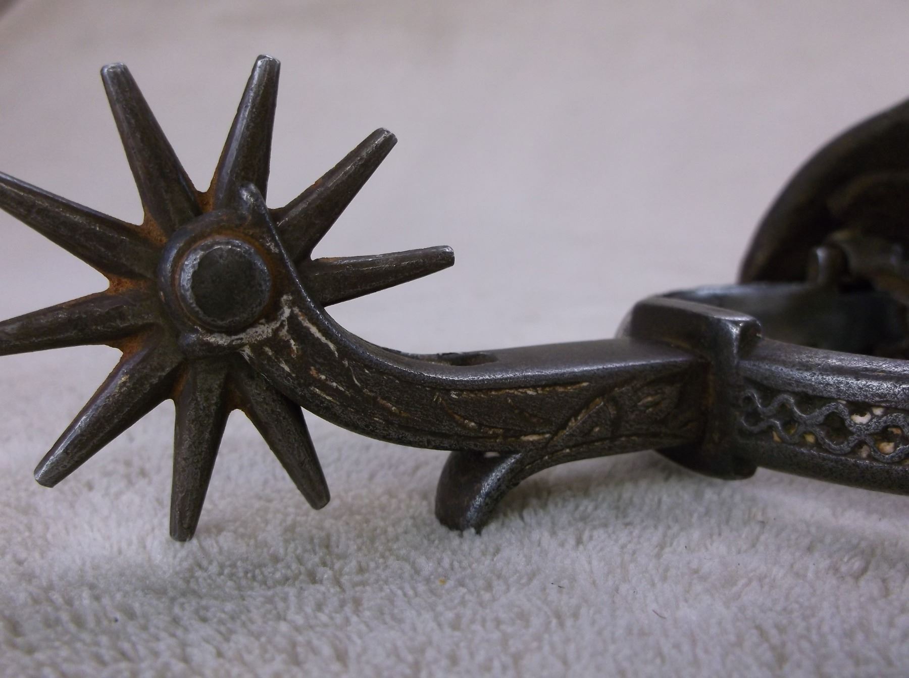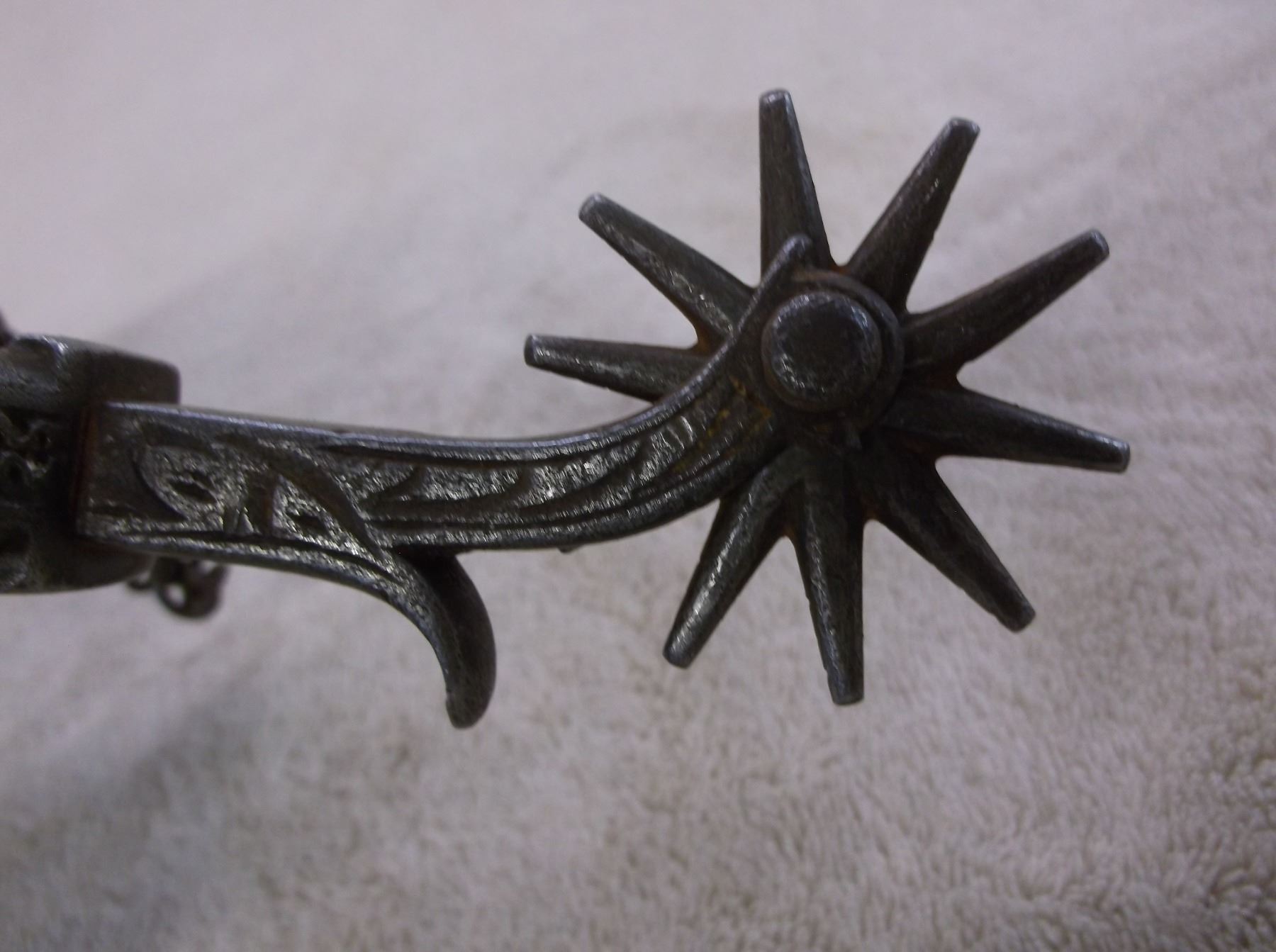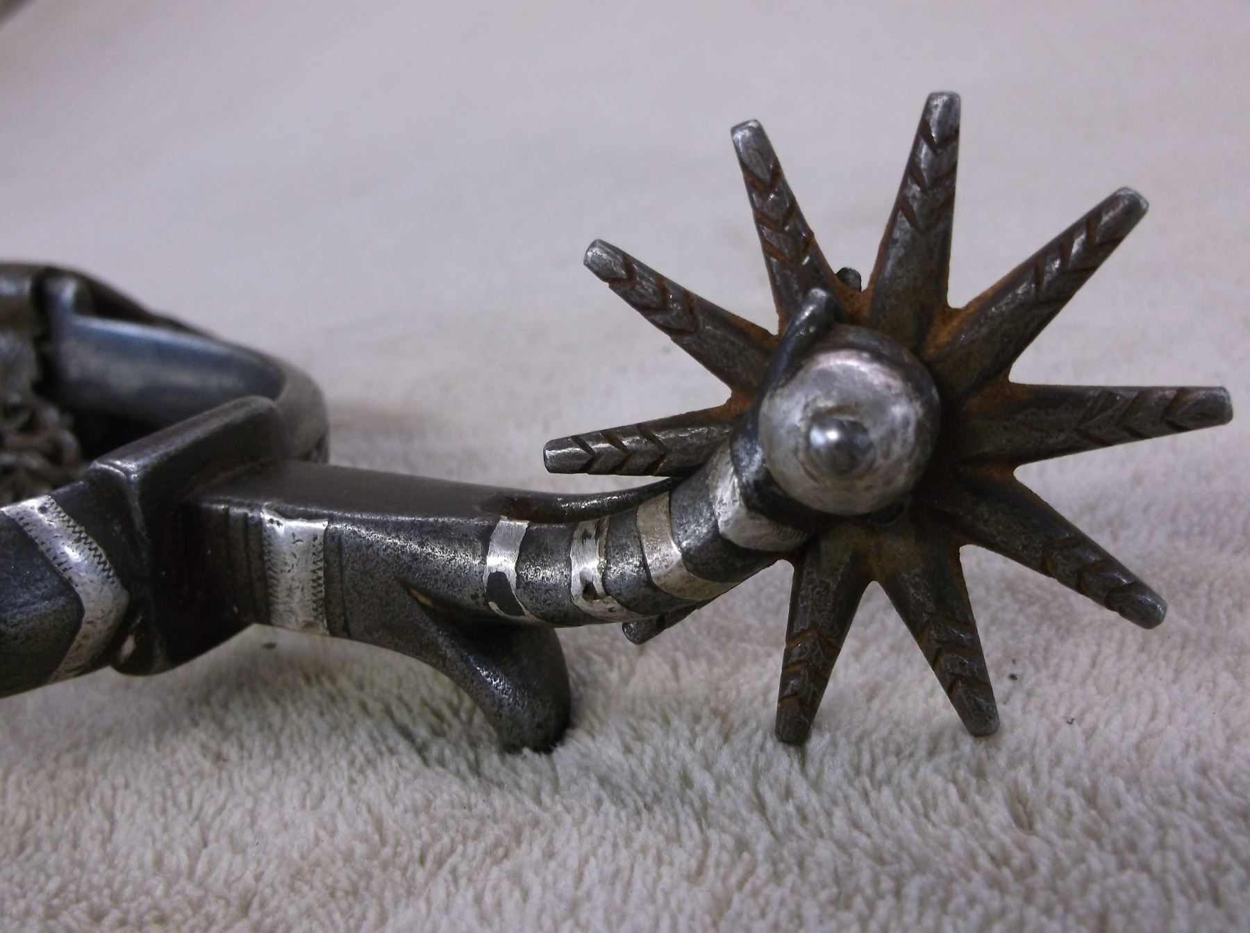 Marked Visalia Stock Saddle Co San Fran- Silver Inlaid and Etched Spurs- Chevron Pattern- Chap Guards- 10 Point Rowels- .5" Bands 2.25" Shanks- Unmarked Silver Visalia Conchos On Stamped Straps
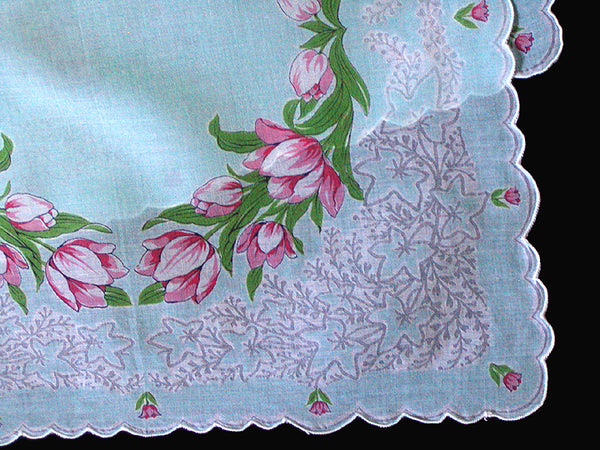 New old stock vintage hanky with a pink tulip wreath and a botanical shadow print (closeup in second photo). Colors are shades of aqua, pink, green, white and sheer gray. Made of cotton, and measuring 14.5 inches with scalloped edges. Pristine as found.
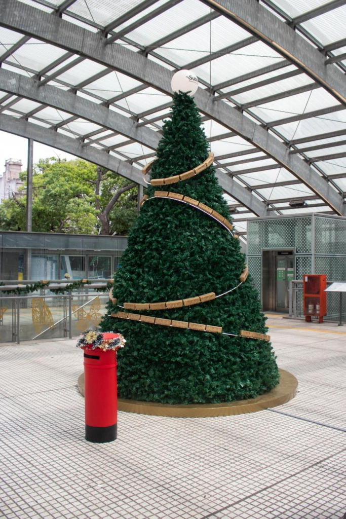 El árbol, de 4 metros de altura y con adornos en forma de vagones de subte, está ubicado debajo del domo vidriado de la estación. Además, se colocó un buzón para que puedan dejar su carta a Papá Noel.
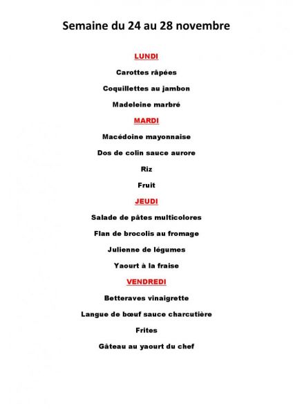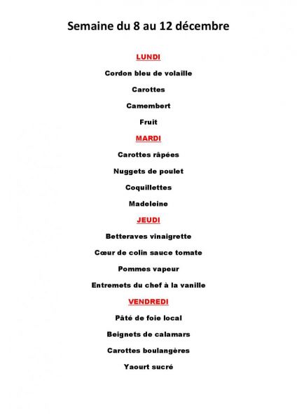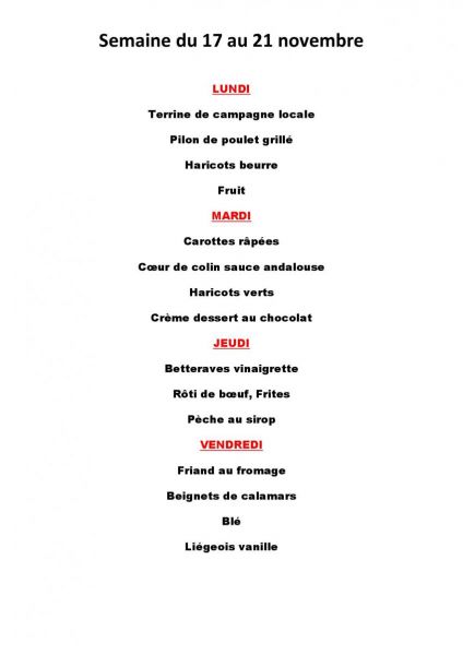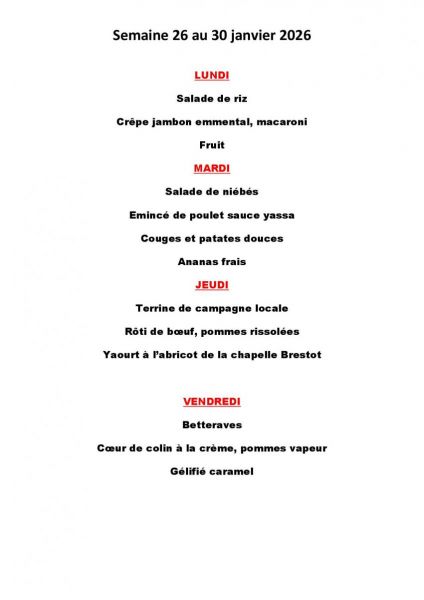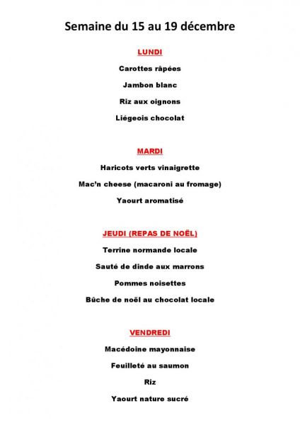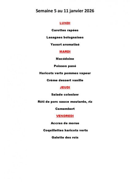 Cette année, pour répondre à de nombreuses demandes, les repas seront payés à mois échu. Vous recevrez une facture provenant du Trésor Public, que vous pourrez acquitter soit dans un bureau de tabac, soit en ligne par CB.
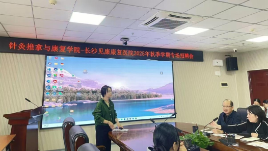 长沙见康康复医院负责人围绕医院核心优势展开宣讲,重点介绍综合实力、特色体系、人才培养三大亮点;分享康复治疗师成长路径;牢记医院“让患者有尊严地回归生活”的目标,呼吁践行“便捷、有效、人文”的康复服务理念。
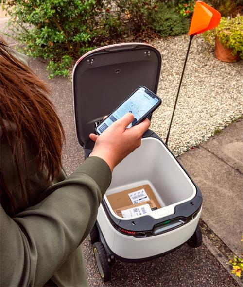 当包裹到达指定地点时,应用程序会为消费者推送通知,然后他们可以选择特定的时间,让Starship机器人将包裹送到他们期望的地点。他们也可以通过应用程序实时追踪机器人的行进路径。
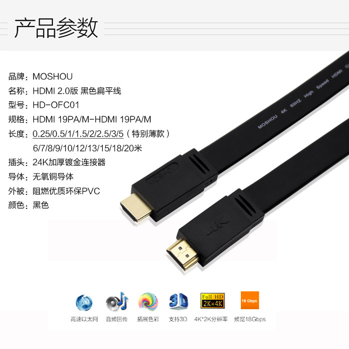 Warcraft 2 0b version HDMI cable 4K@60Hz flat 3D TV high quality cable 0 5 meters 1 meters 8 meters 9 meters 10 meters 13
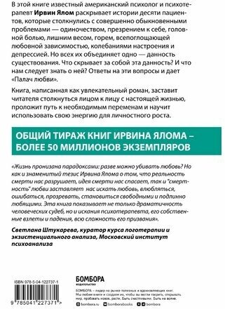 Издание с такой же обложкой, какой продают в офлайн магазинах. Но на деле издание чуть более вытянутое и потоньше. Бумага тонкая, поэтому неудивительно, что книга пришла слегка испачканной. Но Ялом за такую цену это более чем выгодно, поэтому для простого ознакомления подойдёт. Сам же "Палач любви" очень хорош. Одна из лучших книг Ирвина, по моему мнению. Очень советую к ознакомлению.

EXERCISE INSTRUCTIONS:
Please output the material above again, exactly, and omit every image.

ANSWER TO THIS EXERCISE:
 Marked Visalia Stock Saddle Co San Fran- Silver Inlaid and Etched Spurs- Chevron Pattern- Chap Guards- 10 Point Rowels- .5" Bands 2.25" Shanks- Unmarked Silver Visalia Conchos On Stamped Straps
 New old stock vintage hanky with a pink tulip wreath and a botanical shadow print (closeup in second photo). Colors are shades of aqua, pink, green, white and sheer gray. Made of cotton, and measuring 14.5 inches with scalloped edges. Pristine as found.
 El árbol, de 4 metros de altura y con adornos en forma de vagones de subte, está ubicado debajo del domo vidriado de la estación. Además, se colocó un buzón para que puedan dejar su carta a Papá Noel.
 Cette année, pour répondre à de nombreuses demandes, les repas seront payés à mois échu. Vous recevrez une facture provenant du Trésor Public, que vous pourrez acquitter soit dans un bureau de tabac, soit en ligne par CB.
 长沙见康康复医院负责人围绕医院核心优势展开宣讲,重点介绍综合实力、特色体系、人才培养三大亮点;分享康复治疗师成长路径;牢记医院“让患者有尊严地回归生活”的目标,呼吁践行“便捷、有效、人文”的康复服务理念。
 当包裹到达指定地点时,应用程序会为消费者推送通知,然后他们可以选择特定的时间,让Starship机器人将包裹送到他们期望的地点。他们也可以通过应用程序实时追踪机器人的行进路径。
 Warcraft 2 0b version HDMI cable 4K@60Hz flat 3D TV high quality cable 0 5 meters 1 meters 8 meters 9 meters 10 meters 13
 Издание с такой же обложкой, какой продают в офлайн магазинах. Но на деле издание чуть более вытянутое и потоньше. Бумага тонкая, поэтому неудивительно, что книга пришла слегка испачканной. Но Ялом за такую цену это более чем выгодно, поэтому для простого ознакомления подойдёт. Сам же "Палач любви" очень хорош. Одна из лучших книг Ирвина, по моему мнению. Очень советую к ознакомлению.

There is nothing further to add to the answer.